Task requirements:
Output exactly the lines of the listing below that run from the line with "在晚会筹备中,志愿者们在老师" through the line with "2 Bedrooms 3". No pictures.

Input:
+ + + + +
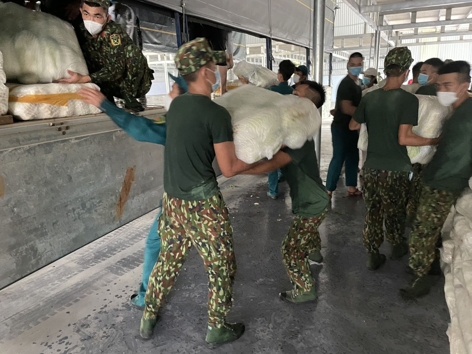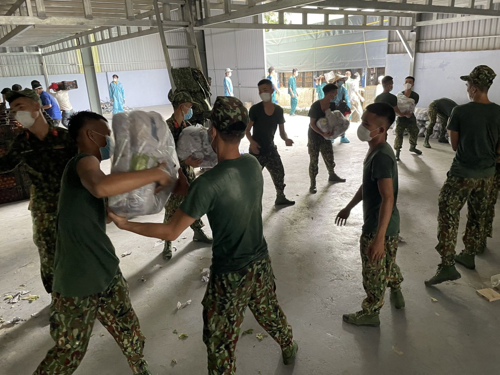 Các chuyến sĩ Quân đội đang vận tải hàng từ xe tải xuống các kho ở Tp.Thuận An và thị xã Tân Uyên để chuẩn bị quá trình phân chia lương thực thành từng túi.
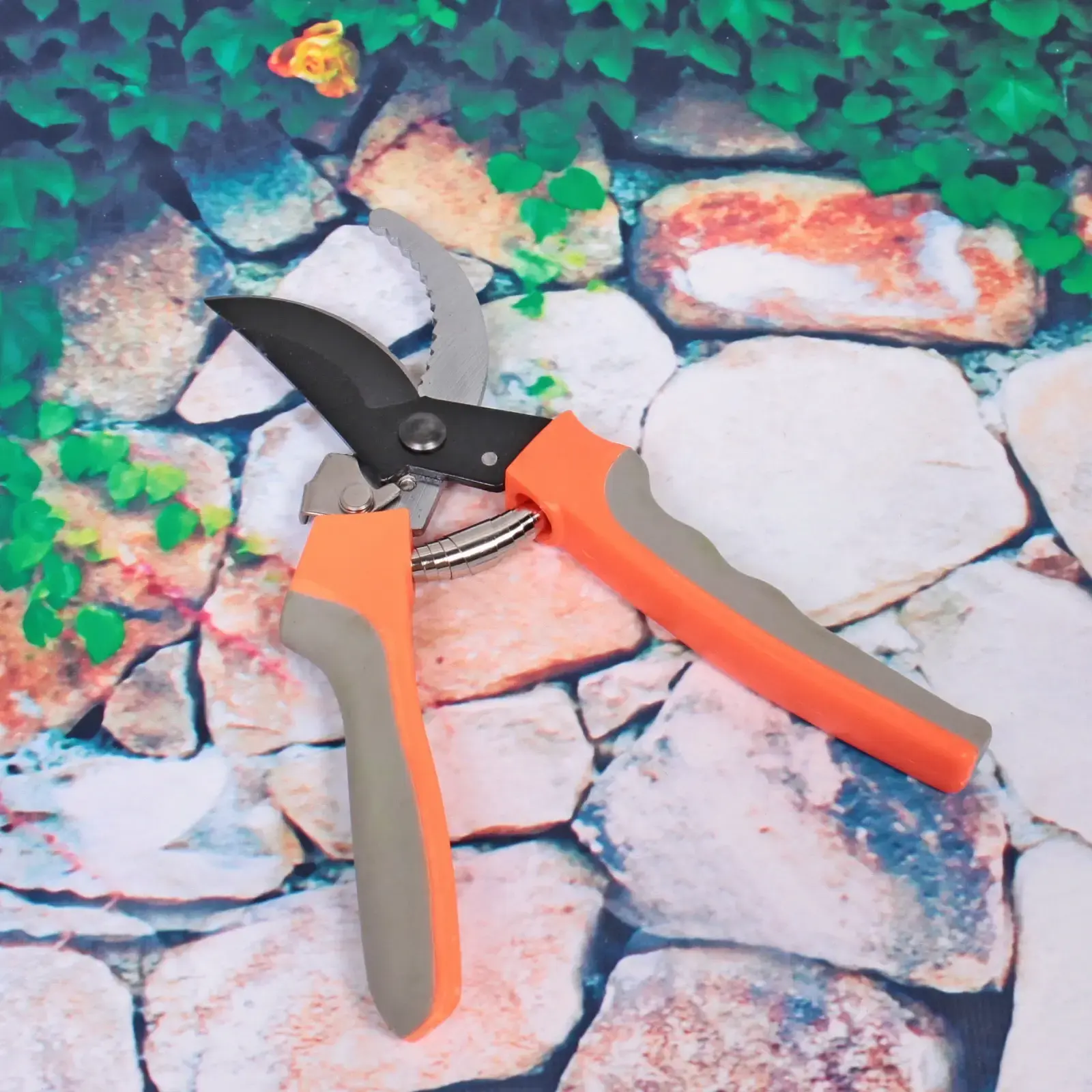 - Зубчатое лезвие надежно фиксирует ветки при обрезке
+ + + + +
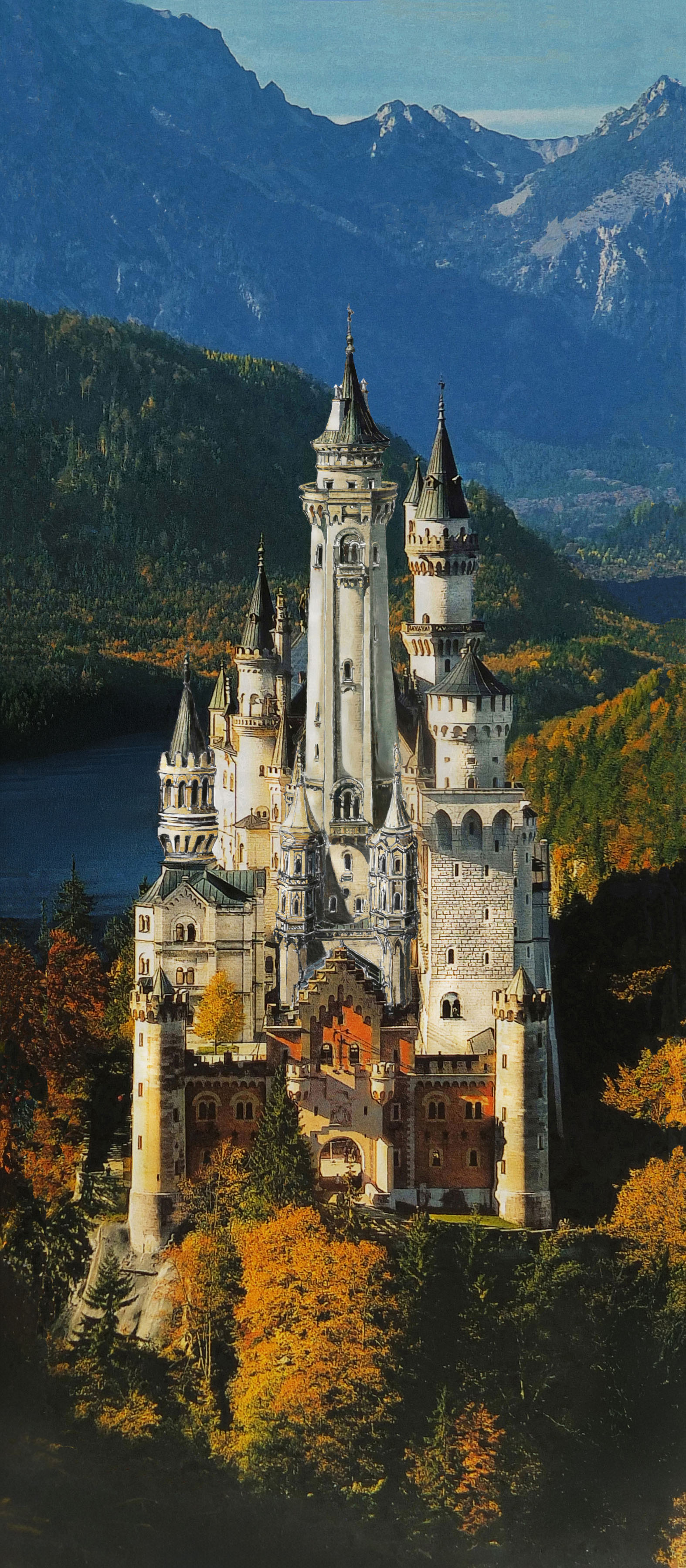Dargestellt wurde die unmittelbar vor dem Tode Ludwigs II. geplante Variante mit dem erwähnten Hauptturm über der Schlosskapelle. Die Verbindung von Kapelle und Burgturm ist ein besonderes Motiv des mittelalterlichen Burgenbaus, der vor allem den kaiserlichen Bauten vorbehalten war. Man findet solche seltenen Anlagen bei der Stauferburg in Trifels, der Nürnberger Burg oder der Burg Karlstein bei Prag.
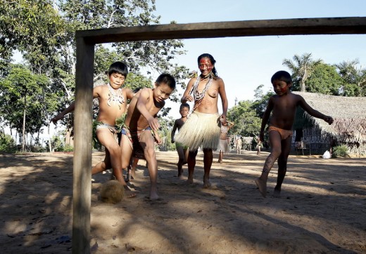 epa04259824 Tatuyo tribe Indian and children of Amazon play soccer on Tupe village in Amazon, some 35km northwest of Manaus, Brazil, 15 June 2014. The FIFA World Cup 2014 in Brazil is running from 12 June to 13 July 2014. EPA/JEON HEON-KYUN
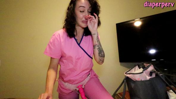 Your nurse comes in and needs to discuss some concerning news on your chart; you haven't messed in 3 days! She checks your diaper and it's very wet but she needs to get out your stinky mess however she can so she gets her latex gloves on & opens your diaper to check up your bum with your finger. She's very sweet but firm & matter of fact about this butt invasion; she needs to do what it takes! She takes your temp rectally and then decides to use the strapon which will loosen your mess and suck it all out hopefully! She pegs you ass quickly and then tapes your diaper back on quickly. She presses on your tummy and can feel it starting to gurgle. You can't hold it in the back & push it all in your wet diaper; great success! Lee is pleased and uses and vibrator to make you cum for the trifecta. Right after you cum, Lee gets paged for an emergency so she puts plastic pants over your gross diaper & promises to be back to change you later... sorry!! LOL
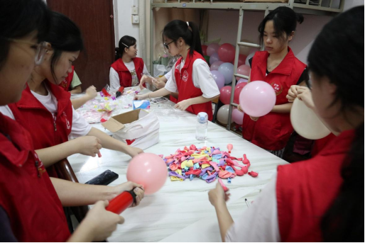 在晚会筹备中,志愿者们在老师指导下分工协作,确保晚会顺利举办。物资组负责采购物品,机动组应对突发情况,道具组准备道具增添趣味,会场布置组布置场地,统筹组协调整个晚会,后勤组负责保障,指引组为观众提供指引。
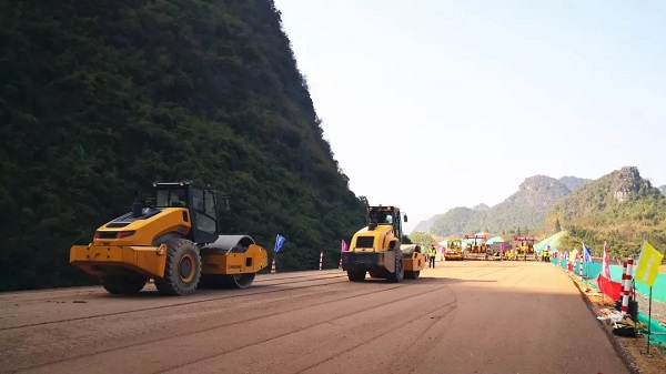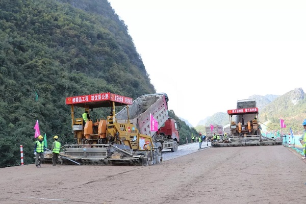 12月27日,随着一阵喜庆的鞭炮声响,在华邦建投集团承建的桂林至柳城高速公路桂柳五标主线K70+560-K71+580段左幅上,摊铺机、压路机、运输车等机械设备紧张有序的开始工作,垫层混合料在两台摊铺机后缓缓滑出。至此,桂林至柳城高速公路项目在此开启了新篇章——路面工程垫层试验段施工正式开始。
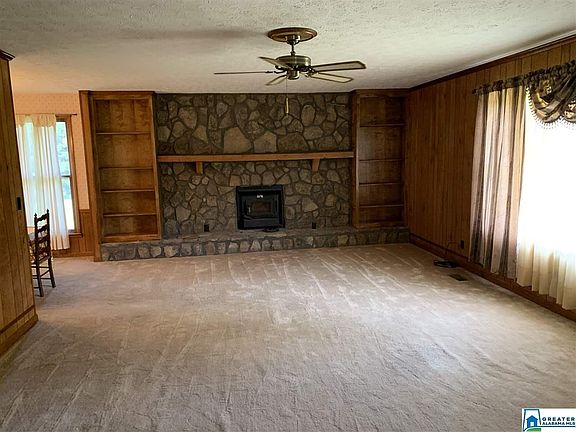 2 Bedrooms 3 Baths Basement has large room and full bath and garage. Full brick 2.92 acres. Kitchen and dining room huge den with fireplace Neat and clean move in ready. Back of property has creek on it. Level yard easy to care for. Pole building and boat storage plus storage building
+ + + + +
Expected output:
 在晚会筹备中,志愿者们在老师指导下分工协作,确保晚会顺利举办。物资组负责采购物品,机动组应对突发情况,道具组准备道具增添趣味,会场布置组布置场地,统筹组协调整个晚会,后勤组负责保障,指引组为观众提供指引。
 12月27日,随着一阵喜庆的鞭炮声响,在华邦建投集团承建的桂林至柳城高速公路桂柳五标主线K70+560-K71+580段左幅上,摊铺机、压路机、运输车等机械设备紧张有序的开始工作,垫层混合料在两台摊铺机后缓缓滑出。至此,桂林至柳城高速公路项目在此开启了新篇章——路面工程垫层试验段施工正式开始。
 2 Bedrooms 3 Baths Basement has large room and full bath and garage. Full brick 2.92 acres. Kitchen and dining room huge den with fireplace Neat and clean move in ready. Back of property has creek on it. Level yard easy to care for. Pole building and boat storage plus storage building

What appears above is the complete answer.